The Shrinking Emergency Account Losses (SEAL) Act, sponsored by U.S. Senators Bill Nelson (D-Florida) and Mike Enzi (R-Wyoming), would give workers who leave their jobs up until they file their federal taxes to repay money they have taken out of their company’s retirement plan. Under current law, workers have 60 days to repay any loans or withdrawals following their separation, to avoid paying tax penalties.
The lawmakers’ bill would also allow employees to continue to contribute to their 401(k) plans during the six months following a hardship withdrawal. Letting workers fund their accounts after a withdrawal would allow them to receive a company’s matching contributions.
“We need to give folks more incentives to continue saving for their retirement,” said Nelson, who chairs the U.S. Senate Special Committee on Aging. “Giving them extra time to restore money owed to their 401(k)s is one way we can help cut down on lost retirement savings.”
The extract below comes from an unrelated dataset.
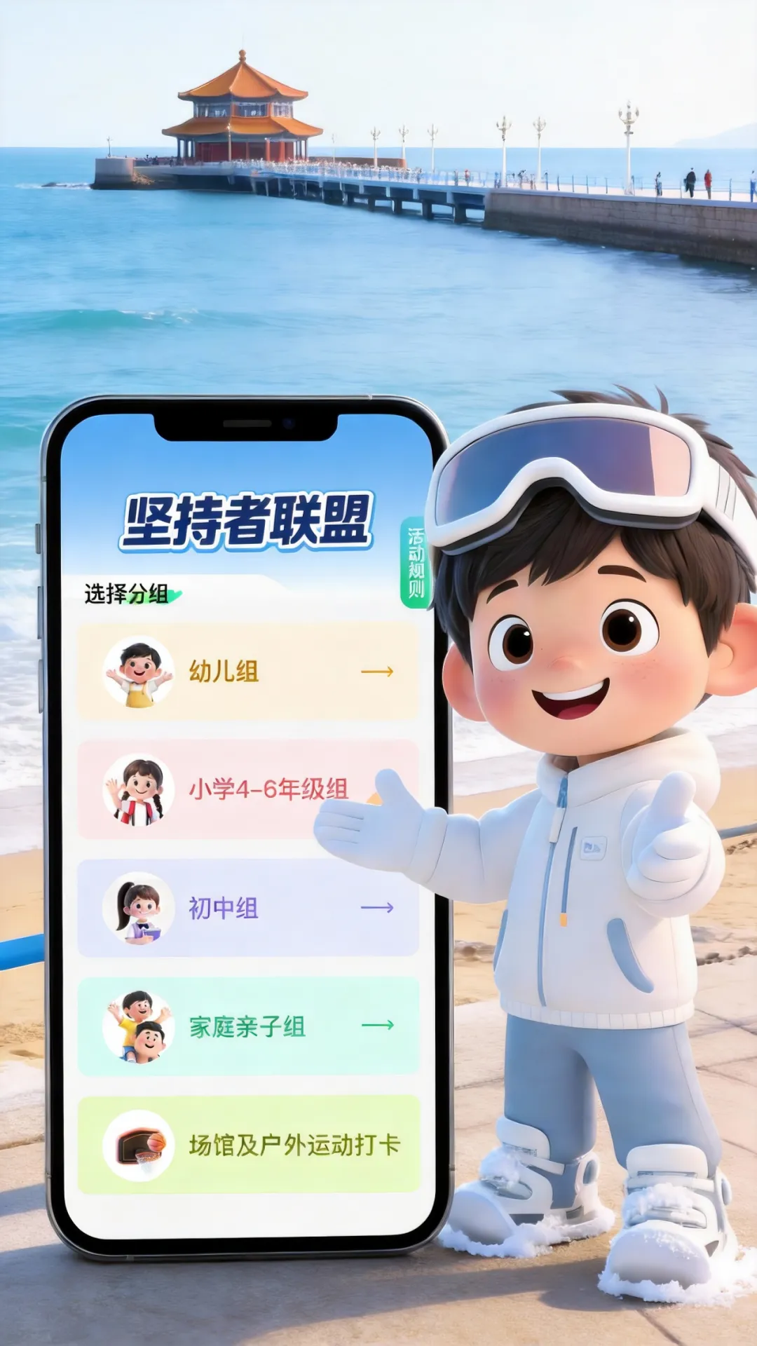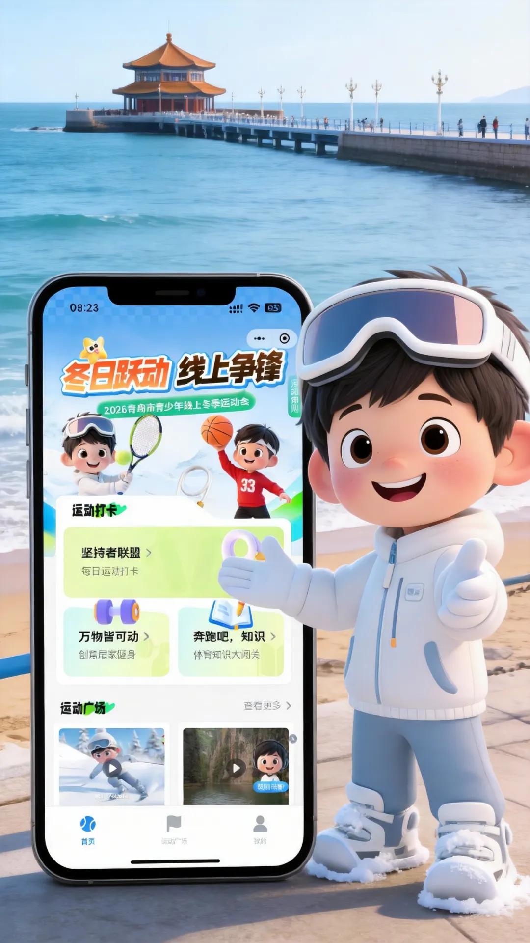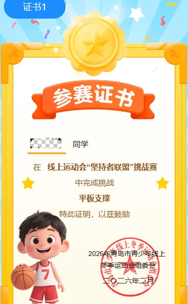 岛城青少年积极参与线上赛项,有机会通过运动打卡、创意挑战、知识问答三种方式获得积分,连续打卡还可获得阶梯积分奖励,累计获得的积分可解锁2026年青岛市青少年线上冬季运动会数字人“冬冬”的更多形象并兑换丰富奖励,完成挑战可获得组委会颁发的电子参赛证书,累计打卡或积分达标者可获得青岛市体育局颁发的纸质完赛证书。

Brian H. Graff, executive director and CEO of The American Society of Pension Professionals and Actuaries (ASPPA), issued a statement in support of the legislation. “The power of [an employee’s] compounding retirement savings is weakened when the individual takes a hardship withdrawal from retirement savings or does not repay a loan from a 401(k) plan because it came due when employment was terminated. We are mindful that some employees have serious immediate financial needs. Therefore, we believe it is important to minimize the harm that comes from accessing retirement funds for nonretirement purposes. The SEAL Act would be an important step toward addressing this problem,” Graff said.“The SEAL Act proposes simple changes that will lessen the loss of retirement savings when an employee terminates employment with an outstanding loan balance and reduce the long-term impact of hardship withdrawals. Specifically, the bill extends the period that an individual retirement account (IRA) can accept repayment of outstanding loan balances as a rollover from a qualified retirement plan. The bill also includes a provision that would allow participants to continue to make elective contributions during the six months following a hardship withdrawal. These provisions are sensible improvements to current law that will allow many Americans to keep more of their retirement savings working for them,” he added.